Extended Data Figure 7 Infectivity of the mutant PFV vectors.
a, Schematic of the experiments. PFV vectors were produced in 293T cells transfected with DNA constructs encoding PFV GAG, POL and ENV, plus a GFP reporter transfer vector (pMD9). The virus, concentrated by centrifugation, was applied onto target HT1080 cells. Five days post-infection, the cells were analysed by FACS and/or used for isolation of genomic DNA and integration site sequencing. IN mutations were introduced into the packaging construct encoding POL (pcoP-POL). b, Validation of the hybrid intasome design in viral culture conditions. PFV GFP virus was produced using wild-type (WT), K120E, D273K POL packaging construct or a mixture of K120E and D273K mutants. The variants marked with a cross additionally contained a double point mutation inactivating the IN active site (D185N/E221Q). The graph and the western blot show mean relative infectivity and GAG contents (pr71 and p68) of the resultant viruses, respectively. All infectivity experiments were done at least in triplicate, with two or more independent virus preparations; error bars represent standard deviations. The K120E and D273K IN mutants are co-dependent for production of infectious PFV vector, and the functional active site of the K120E IN component is essential for production of infectious hybrid virus. c, Relative infectivity of the PFV vectors harbouring wild-type, K168E, or active-site-dead D185N/E221Q (indicated with a cross) IN. d, Relative infectivities of hybrid viruses produced using D273K/D185N/E221Q (indicated as D273K with a cross) and K120E, K120E/D185N/E221Q (cross), K120E/P135E, K120E/T240E, and K120E/P135E/T240E. The western blots below the graphs show GAG (pr71 and p68) contents of the respective PFV vector preps.
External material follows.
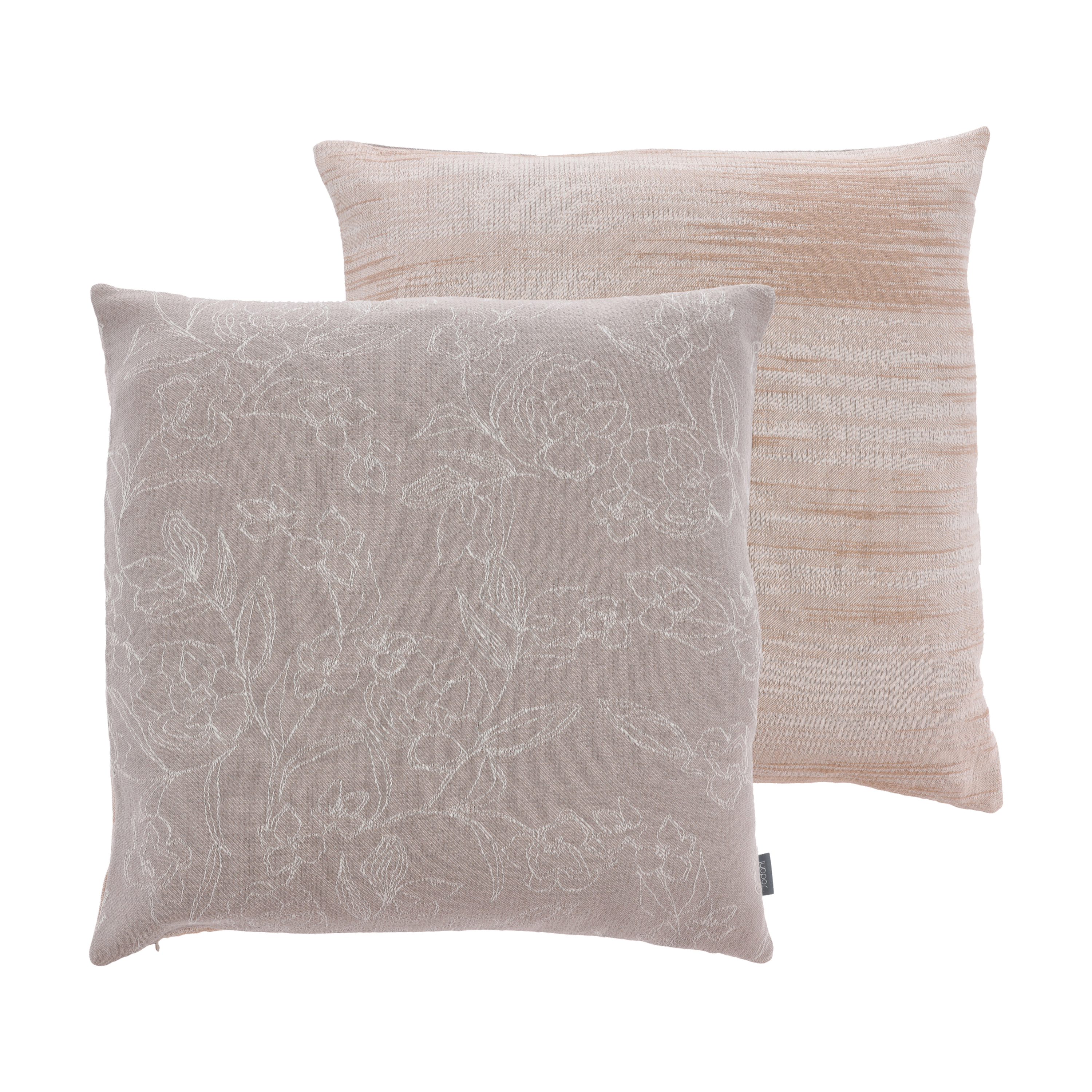 Disse simple blomster, tegnet i én enkelt streg, udgør et fint, flydende og feminint mønster. Den håndtegnede stil og de ultrafine linjer på den ensfarvede baggrund er beroligende for øjet. Både pude og plaid har en doubleface-effekt, bagsiden er et smukt gradueret melange motiv.

Extended Data Figure 8 Local nucleotide sequence biases at PFV integration sites.
Nucleotide sequence preferences at PFV integration sites in cellula (wild type (WT), K168E, hybrid control and P135E/T240E) or in vitro displayed in the form of sequence logos. The heights of the logos correspond to the maximum information content at each position (maximum information content being 2 bits per base). Position 0 corresponds to the target nucleotide joined to the processed U5 PFV end.
Extended Data Figure 9 Negative-stain EM analysis.
a, Representative micrograph. b, Reference-free class averages. c, Three-dimensional electron density map of the intasome–nucleosome complex with a docked intasome structure. Note that DNA density is not recovered with negative-stain EM.
Supplementary information
The PFV intasome - nucleosome complex at 7.8 Å resolution
This video displays the overall structure, intasome-nucleosome interface and the key components of the complex. (MOV 15144 kb)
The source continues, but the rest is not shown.